Task to complete — Please give every line below again exactly, but not its pictures.

====== Data section

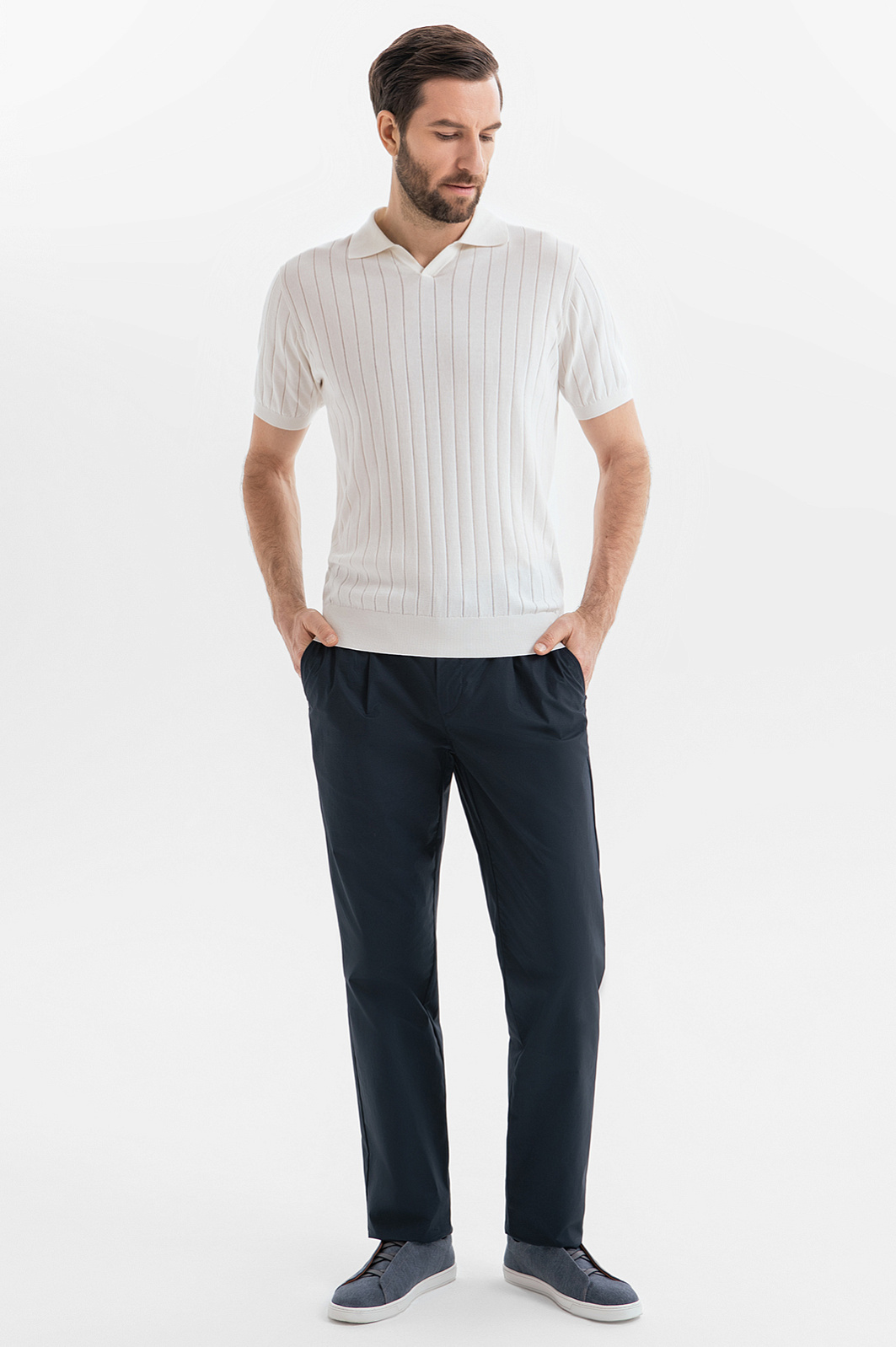 Брюки KANZLER темно-синего цвета созданы из легкой и дышащей хлопковой ткани (95,5% хлопка и 4,5% спандекса). Материал с гладкой фактурой обладает отличной воздухопроницаемостью, мягкостью и эластичностью. Классический крой подчеркивает силуэт, не сковывая движений, а защипы на талии добавляют образу нотку динамичности и расслабленности. Удобная посадка с поясом на кулиске и минималистичный крой создают гармоничный баланс между расслабленностью и элегантностью. Брюки идеально подойдут для образов в стиле кежуал на любой случай — будь то прогулка по городу, неформальная встреча или день в офисе с нестрогим дресс-кодом. Параметры модели: рост 187, 99-81-97 Размер на модели: 50
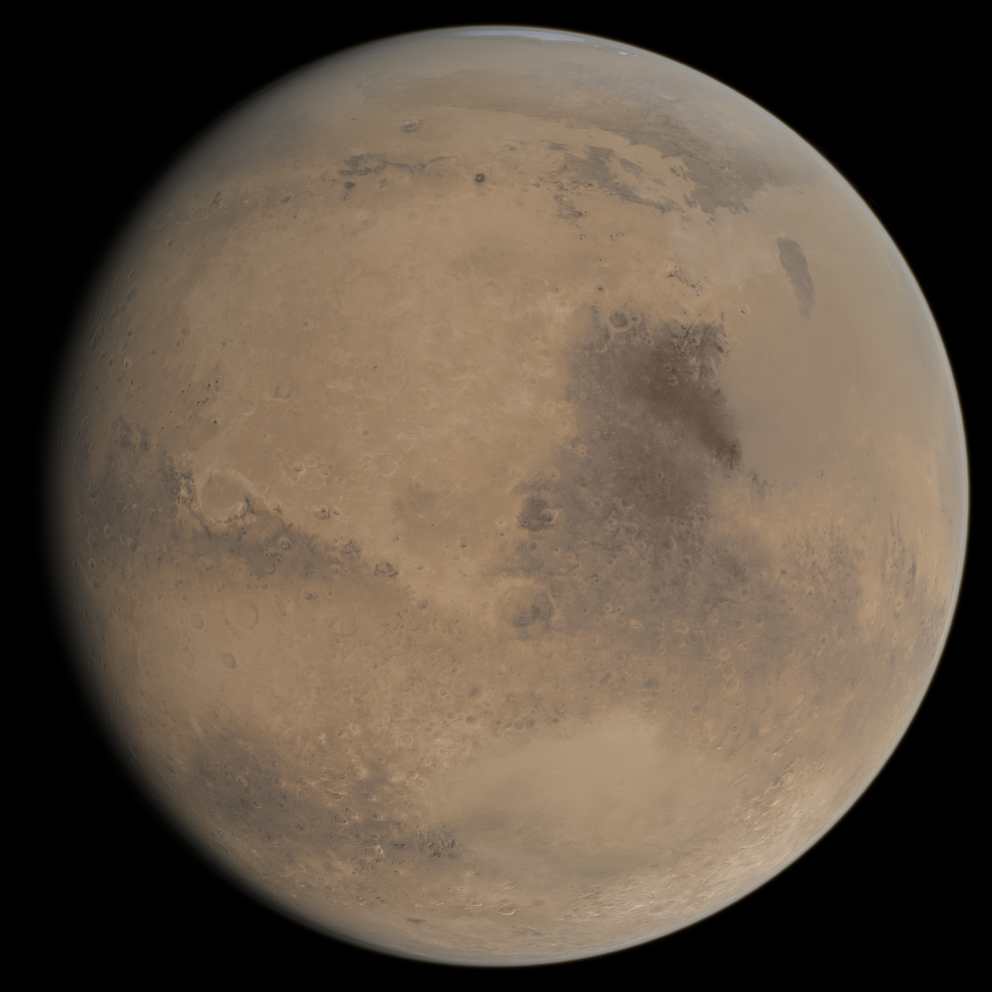 A few new and updated planet textures are included in this update. The surface (diffuse, color albedo) maps of Mars and Pluto have been updated with more accurate versions. The Pluto map was made by FarGetaNik, while the Mars map is the same as the old one, with improvements to color and contrast accuracy. Saturn's moon Iapetus has been updated with a totally new set of textures, created by Kexitt, which combine real data with artistic interpretation for a much more consistent appearance while still being pretty accurate. You can see screenshots below of Mars, Pluto, and Iapetus respectively:
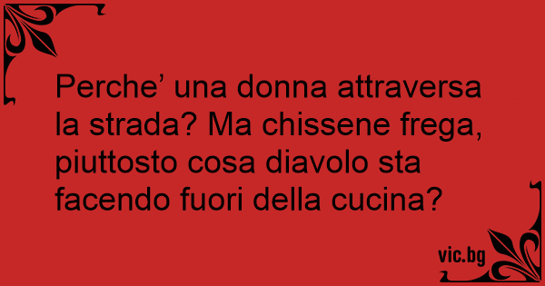 Perche’ una donna attraversa la strada? Ma chissene frega, piuttosto cosa diavolo sta facendo fuori della cucina?

============

Result of this exercise —
 Брюки KANZLER темно-синего цвета созданы из легкой и дышащей хлопковой ткани (95,5% хлопка и 4,5% спандекса). Материал с гладкой фактурой обладает отличной воздухопроницаемостью, мягкостью и эластичностью. Классический крой подчеркивает силуэт, не сковывая движений, а защипы на талии добавляют образу нотку динамичности и расслабленности. Удобная посадка с поясом на кулиске и минималистичный крой создают гармоничный баланс между расслабленностью и элегантностью. Брюки идеально подойдут для образов в стиле кежуал на любой случай — будь то прогулка по городу, неформальная встреча или день в офисе с нестрогим дресс-кодом. Параметры модели: рост 187, 99-81-97 Размер на модели: 50
 A few new and updated planet textures are included in this update. The surface (diffuse, color albedo) maps of Mars and Pluto have been updated with more accurate versions. The Pluto map was made by FarGetaNik, while the Mars map is the same as the old one, with improvements to color and contrast accuracy. Saturn's moon Iapetus has been updated with a totally new set of textures, created by Kexitt, which combine real data with artistic interpretation for a much more consistent appearance while still being pretty accurate. You can see screenshots below of Mars, Pluto, and Iapetus respectively:
 Perche’ una donna attraversa la strada? Ma chissene frega, piuttosto cosa diavolo sta facendo fuori della cucina?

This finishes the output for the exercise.